§ **Work instruction**: If pictures appear among the lines below, leave them out while you return exactly the lines from the one with "На фото – відносно" through the one with "荣耀智慧生活官微表示后续将会".

══ Provided entries

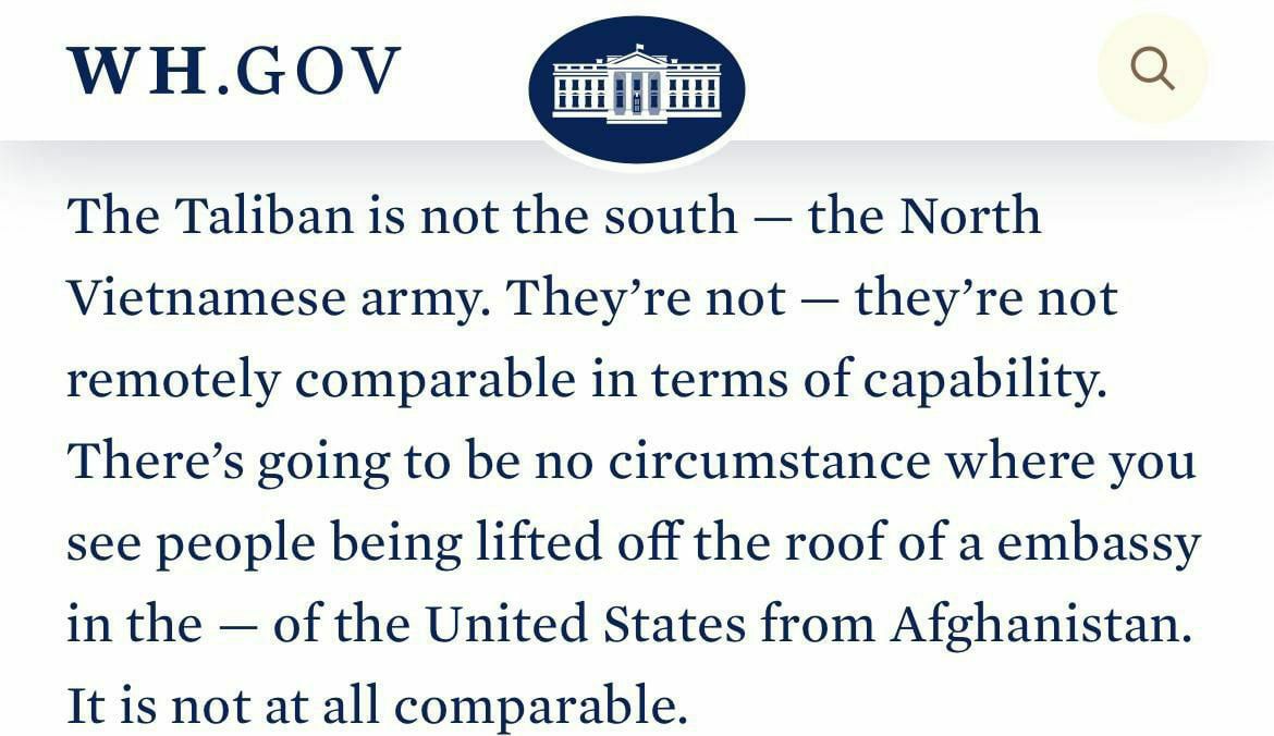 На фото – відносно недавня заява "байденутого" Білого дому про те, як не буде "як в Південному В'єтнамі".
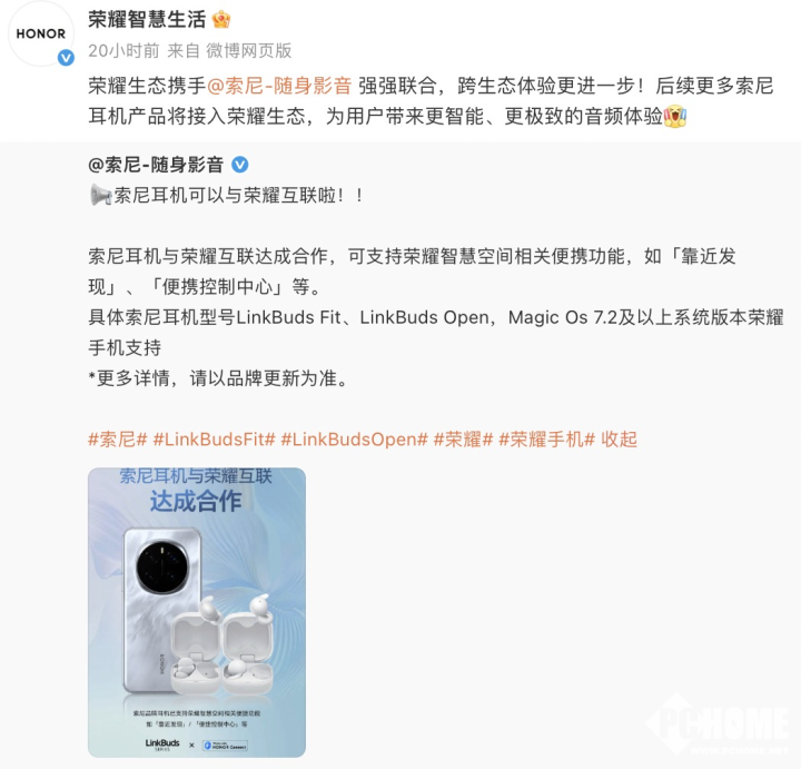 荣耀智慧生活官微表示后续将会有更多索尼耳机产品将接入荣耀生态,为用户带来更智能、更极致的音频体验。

════
══ Provided entries

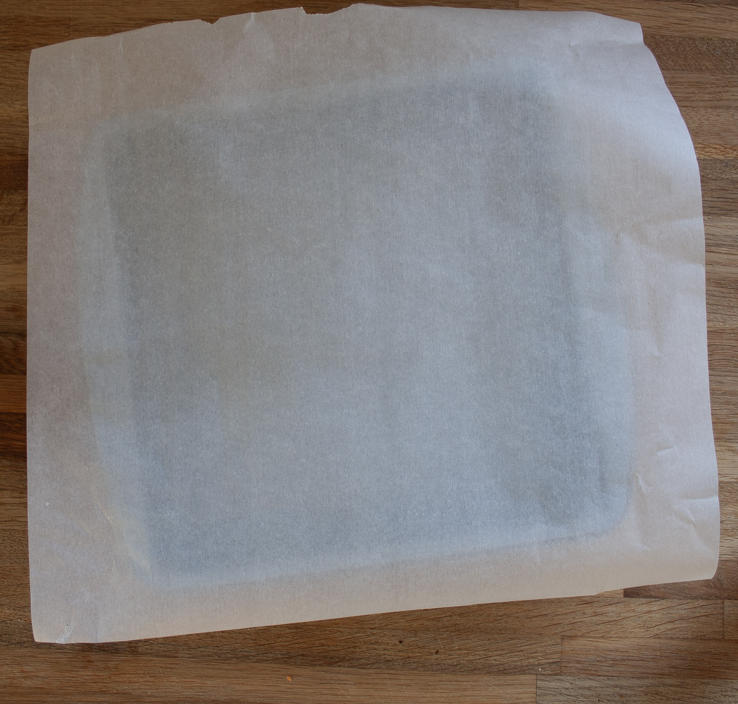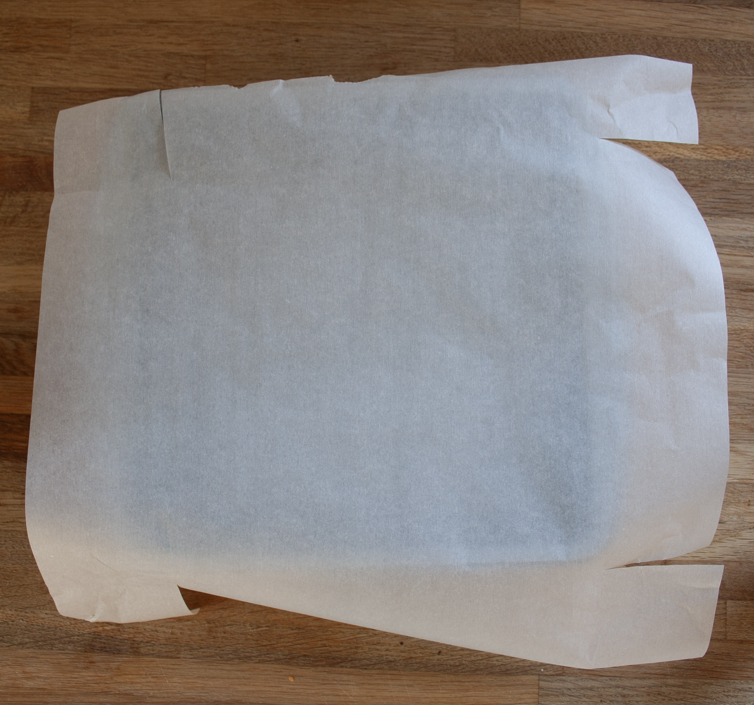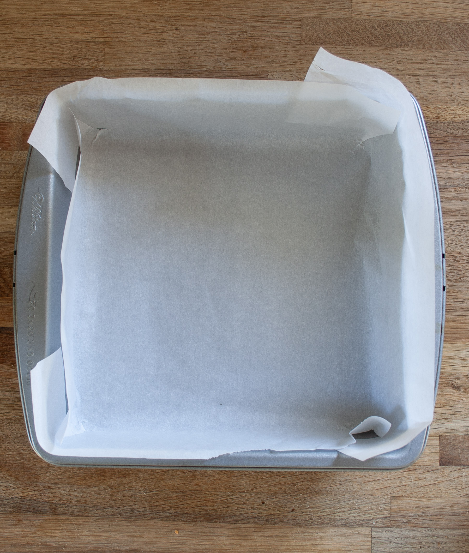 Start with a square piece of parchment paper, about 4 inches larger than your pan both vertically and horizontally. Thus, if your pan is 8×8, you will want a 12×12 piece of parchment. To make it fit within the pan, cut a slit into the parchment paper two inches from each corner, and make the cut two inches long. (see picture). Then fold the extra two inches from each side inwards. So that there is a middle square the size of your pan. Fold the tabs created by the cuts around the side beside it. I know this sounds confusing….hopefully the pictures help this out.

════

§ **Exercise solution**:
 На фото – відносно недавня заява "байденутого" Білого дому про те, як не буде "як в Південному В'єтнамі".
 荣耀智慧生活官微表示后续将会有更多索尼耳机产品将接入荣耀生态,为用户带来更智能、更极致的音频体验。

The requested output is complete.